PROBLEM REQUIREMENTS -> Would you transcribe exactly the lines from the beginning of the records below through the line with "A fogak helyére, és", both included, omitting the pictures?

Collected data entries
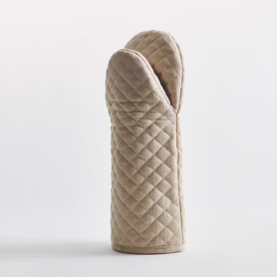 Elegancka rękawica kuchenna w ponadczasowym beżu chroni przed wysokimi temperaturami i sprawia, że gotowanie staje się bezpieczniejsze i przyjemniejsze.
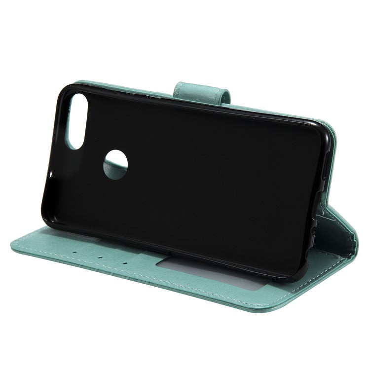Imprint Butterfly Flower Wallet Leather Stand Cover for Huawei P Smart / Enjoy 7S - Cyan
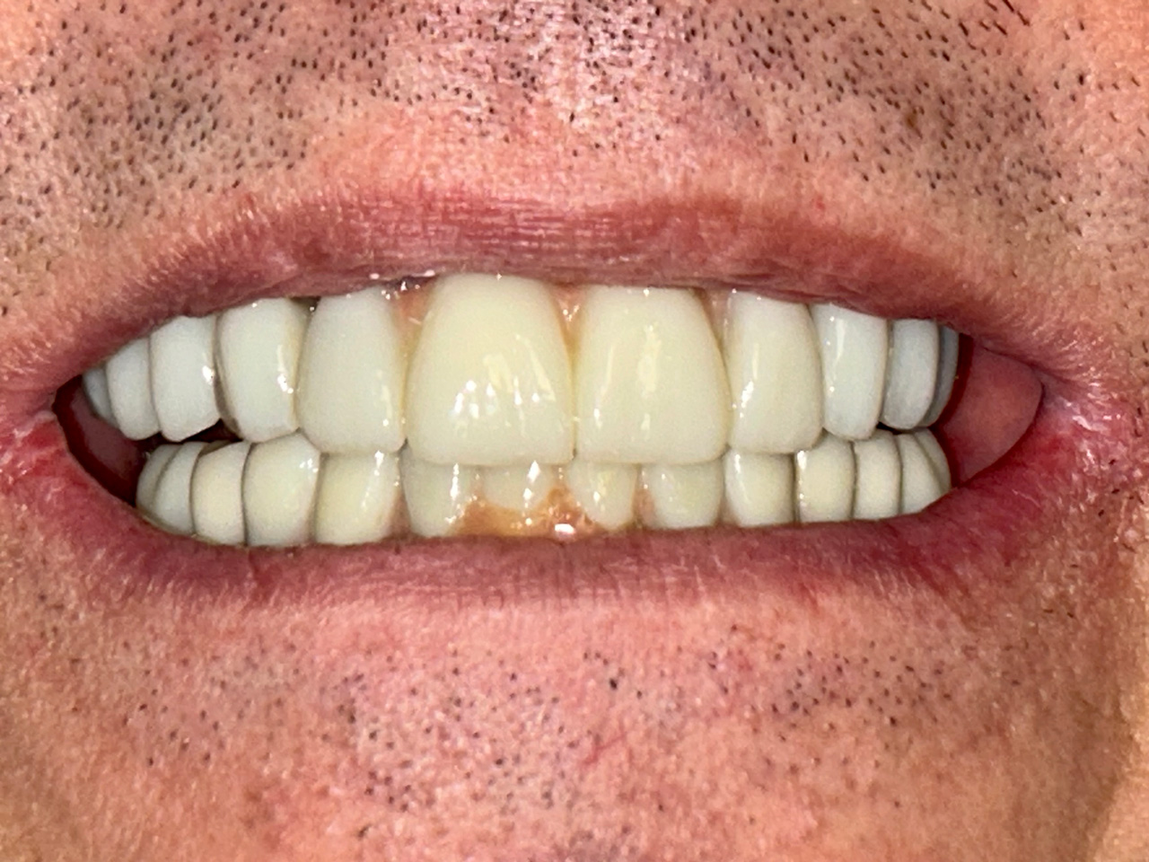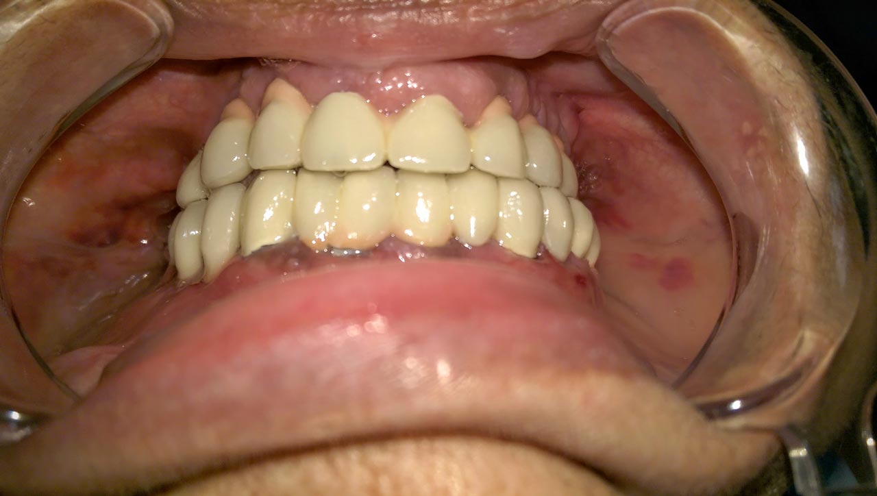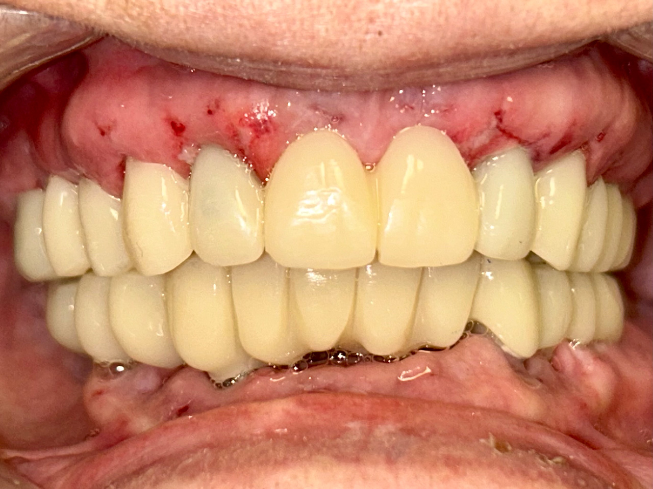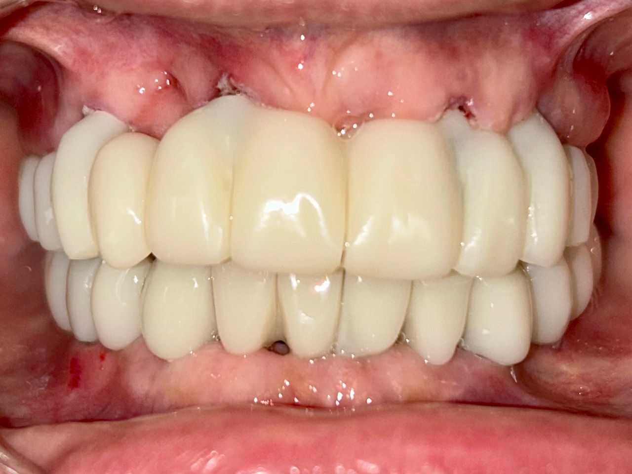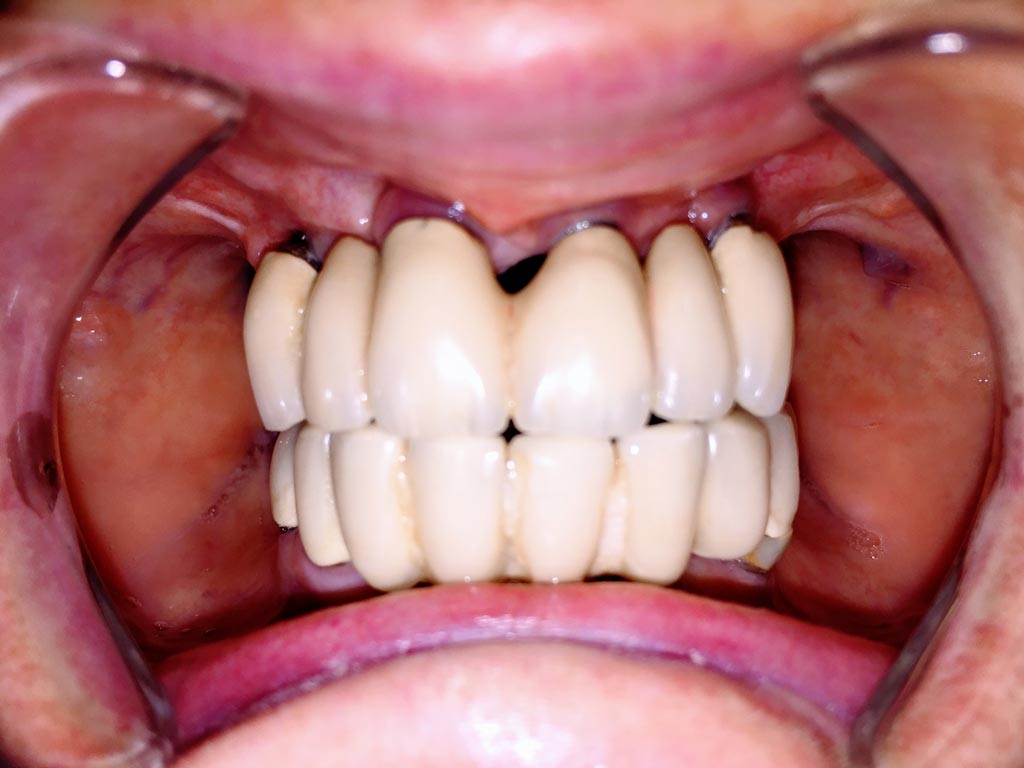 A fogak helyére, és a stratégiailag jó csontállományú hátsó területre azonnal behelyezett implantátumokra 3 nap múlva elkészítettük az esztétikus, azonnal terhelhető ideiglenes hidat.
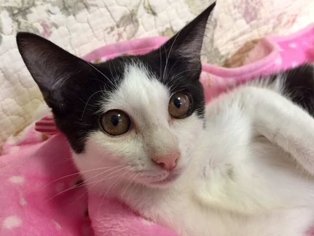 | 特徴(性格など) | きれいなハチワレ白黒の女の子めりぃ♪ すらっと長いしっぽがチャームポイント。 ちょっと恥ずかしがり屋さんですが心を開くと甘えん坊です! 撫でるとゴロゴロと嬉しがります。 利発で子猫らしくやんちゃ。好奇心旺盛!遊び大好き♪ 高いところが大好きでスルスルと登ります♪ ❤尻尾はすらっと長い ☆ワクチン済 ☆ノミダニ取り済 ☆ウイルス検査(エイズ・白血病)陰性 ☆駆虫済 ☆トイレしつけ済 ☆不妊手術・マイクロチップ済 |
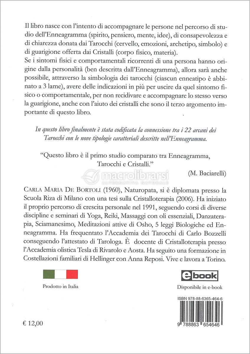 Il libro nasce con l’intento di accompagnare le persone nel percorso di studio dell’Enneagramma (spirito, pensiero, mente, idee), di consapevolezza e di chiarezza donata dai Tarocchi (cervello, emozioni, archetipo, simbolo) e di guarigione offerta dai Cristalli (corpo fisico, materia). Se i sintomi fisici e comportamentali ricorrenti di una persona hanno origine dalla personalità (ben descritta dall’Enneagramma), allora sarà anche possibile, attraverso la simbologia dei tarocchi (ciascun enneatipo è abbinato a 3 lame), avere delle indicazioni in più per uscire da quel sintomo fisico o comportamentale, per non recidivare e accompagnare lo stesso verso la guarigione, anche con l’aiuto dei cristalli che sono il terzo argomento importante di questo libro.
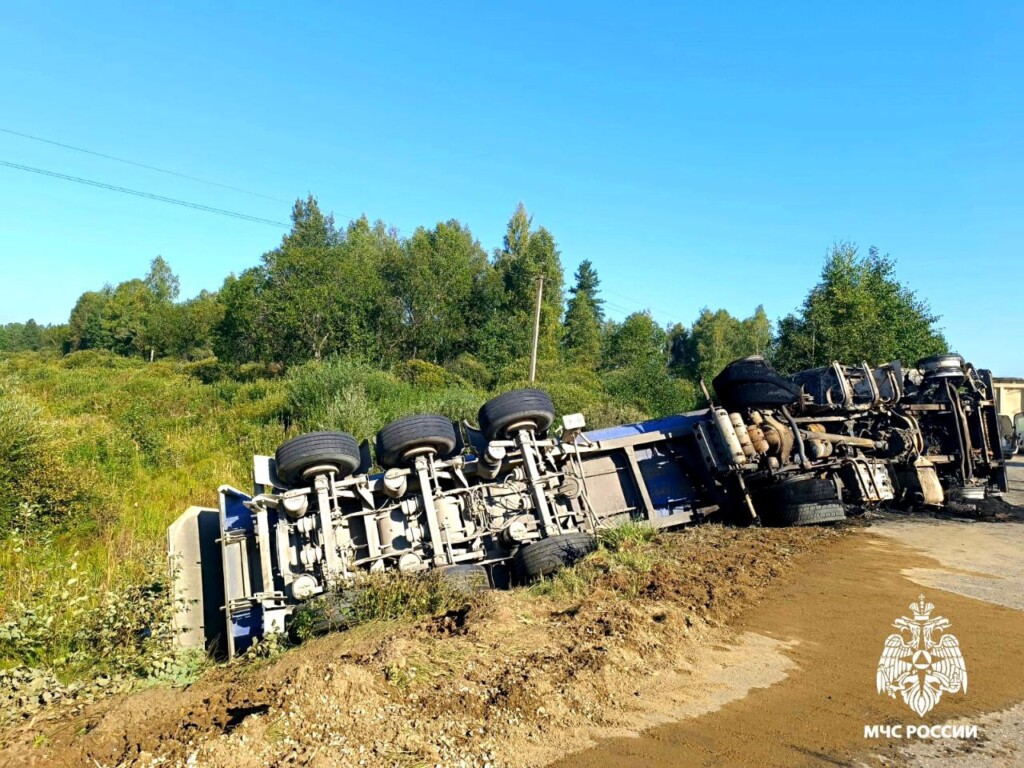 Смоленск, 9 сентября. Причиной вызова спасателей МЧС в Новодугинский округ Смоленской области сегодня стал автопожар — большегруз загорелся после опрокидывания в кювет.
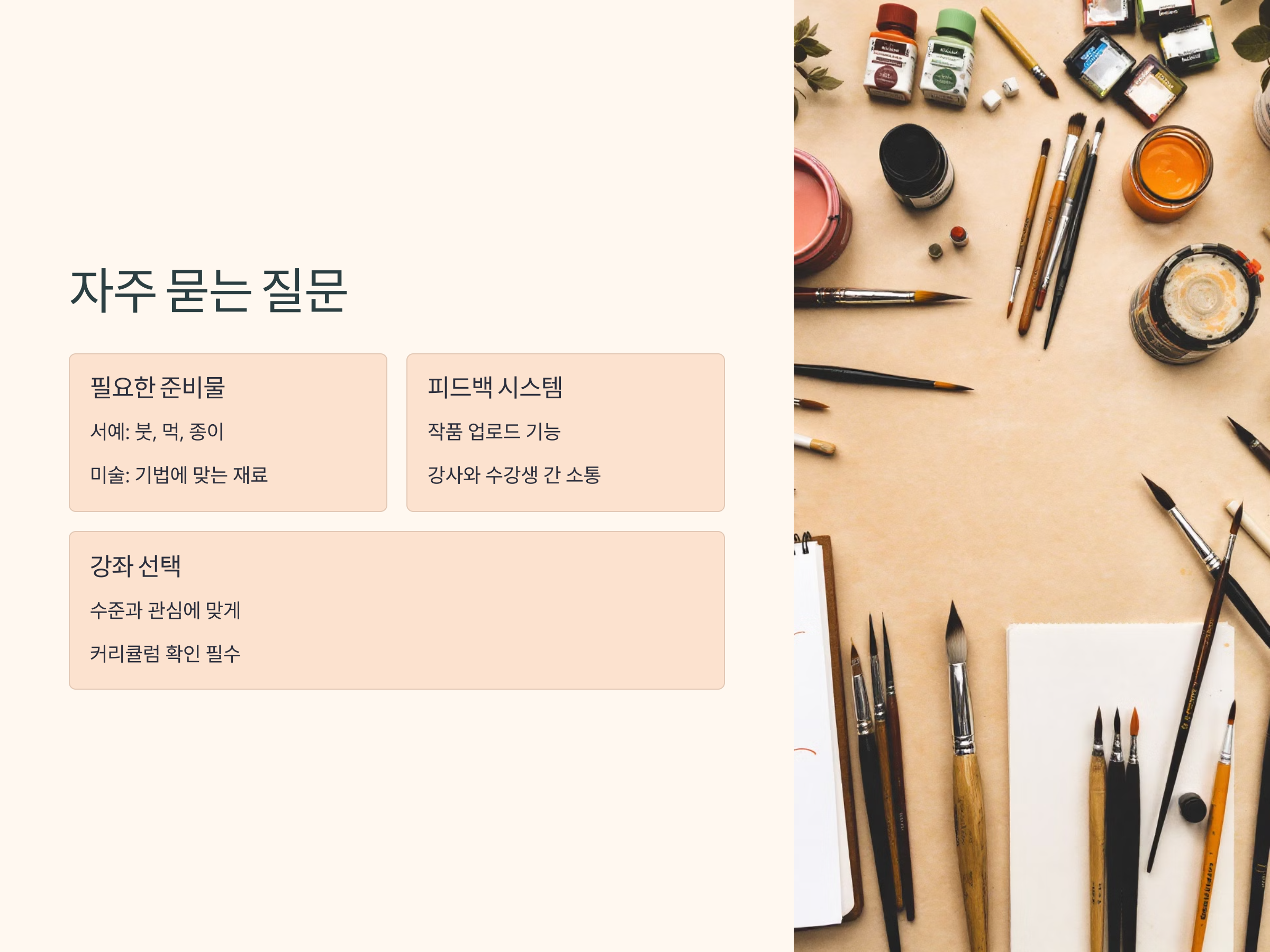 Q1: 서예와 미술 강좌를 시작하려면 무엇을 준비해야 하나요?
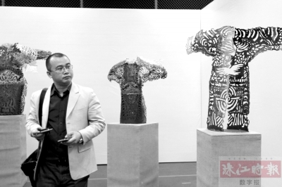 金属雕刻作品 融入中国元素 “在佛山住了12天,我感到很开心,感觉周围的环境很新鲜。”2012年刚毕业于英国伦敦中央圣马丁艺术与设计学院的Vicky Frazer是创作营的成员之一,她对佛山的印象十分深刻,她说,通过佛山感受中国文化的魅力,尽管这是她第一次踏上中国的土地,却有很多的收获。“这里什么都有,周围的人很热情,我能找到很好的创作灵感,我希望下次有机会再来佛山。” 来自欧洲的四位金属雕刻艺术家在创作营进行为期12天的创作、交流后,在展览会现场集中展出创作的多个大型雕刻作品,给观众带来了一场兼具视觉冲击力与艺术熏陶的金属艺术创作盛会。四位艺术大师的作品风格各异,经过12天的火烧电焊、精心雕琢,他们联袂创作,展现金属艺术创作的丰富性与多样性。 当天晚上,随着礼炮的响起,Roberto Cipllone、Christiane Pott-Schlager、Law Kwok Hung、Vicky Frazer等四位金属雕刻艺术家揭开了覆盖在金属艺术精品上的面纱。据新媒体产业园有关负责人介绍,本次展览会的作品在结束展览之后将会摆放在新媒体产业园内,作为新媒体产业园的标志之一。 其中,Law Kwok Hung的作品“丝路音韵”融入中国元素,在钢板上展现出一个琴女手抚琵琶时的手指细节,其逼真、精致的细节雕刻令现场嘉宾们赞叹不已;Vicky的作品“龙袍”同样体现中国元素,从一块完整的铁板,变成缕空的“布料”,将纺织的柔和金属的刚结合在一起;最吸引人的是Christiane Pott-Schlager的作品“风帆”,它是当天晚上体型最大的金属艺术品,赢得观众们的赞叹。
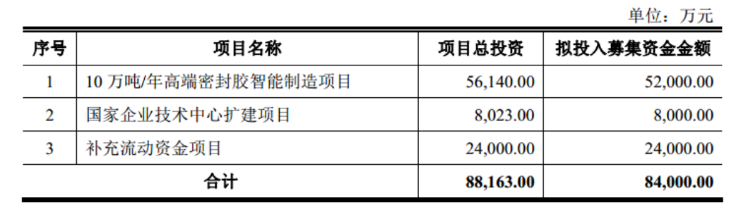 6月,成都硅宝科技股份有限公司申请定增募资8.4亿,拟建10万吨密封胶项目。
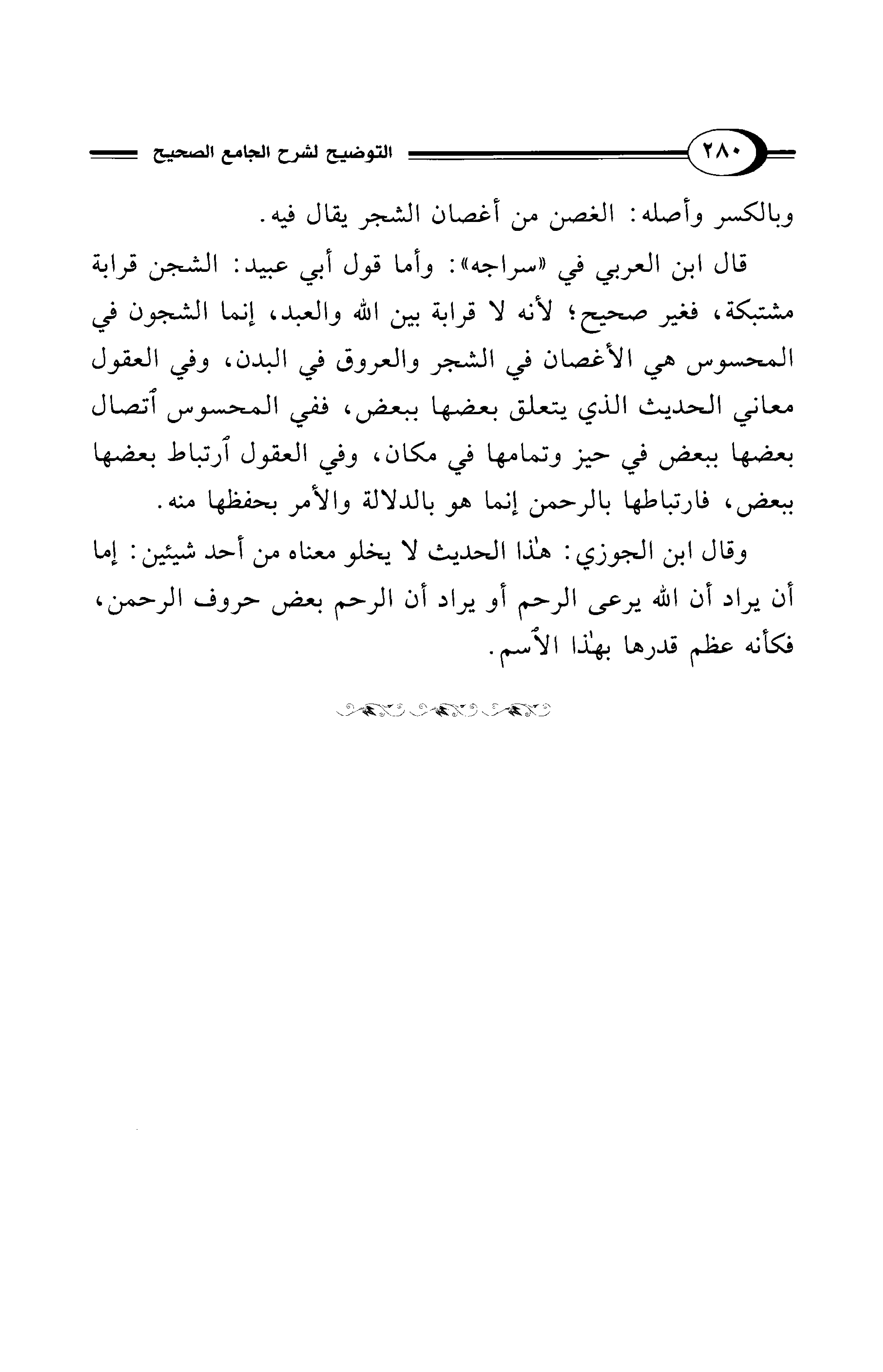 قال ابن العربي في "سراجه": وأما قول أبي عبيد: الشجن قرابة مشتبكة، فغير صحيح؛ لأنه لا قرابة بين الله والعبد، إنما الشجون في المحسوس هي الأغصان في الشجر والعروق في البدن، وفي العقول معاني الحديث الذي يتعلق بعضها ببعض، ففي المحسوس اتصال بعضها ببعض في حيز وتمامها في مكان، وفي العقول ارتباط بعضها ببعض، فارتباطها بالرحمن إنما هو بالدلالة والأمر بحفظها منه.
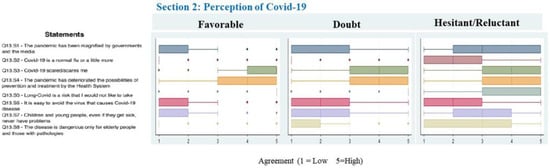 Figure 2 shows the scores of the statements on the risk perception of COVID-19. Risk perception of COVID-19 differed between groups; Hesitant/Reluctant parents reported a higher level of complacency in themselves and their children than the Favorable and Doubtful groups. In particular, the median score for the statement Q13.S7 was 1 (IQR 1; 2) for the Favorable group, 2 (IQR 1; 3) for the Doubtful group and 3 (IQR 2; 4) for the Hesitant/Reluctant group (Kruskal–Wallis test p < 0.001). The perceived ease of avoiding COVID-19 was significantly lower in the Favorable group (Median score: 1, IQR: 1; 1) (Kruskal–Wallis test p < 0.001).

ANSWER BOX ->
 Elegancka rękawica kuchenna w ponadczasowym beżu chroni przed wysokimi temperaturami i sprawia, że gotowanie staje się bezpieczniejsze i przyjemniejsze.
Imprint Butterfly Flower Wallet Leather Stand Cover for Huawei P Smart / Enjoy 7S - Cyan
 A fogak helyére, és a stratégiailag jó csontállományú hátsó területre azonnal behelyezett implantátumokra 3 nap múlva elkészítettük az esztétikus, azonnal terhelhető ideiglenes hidat.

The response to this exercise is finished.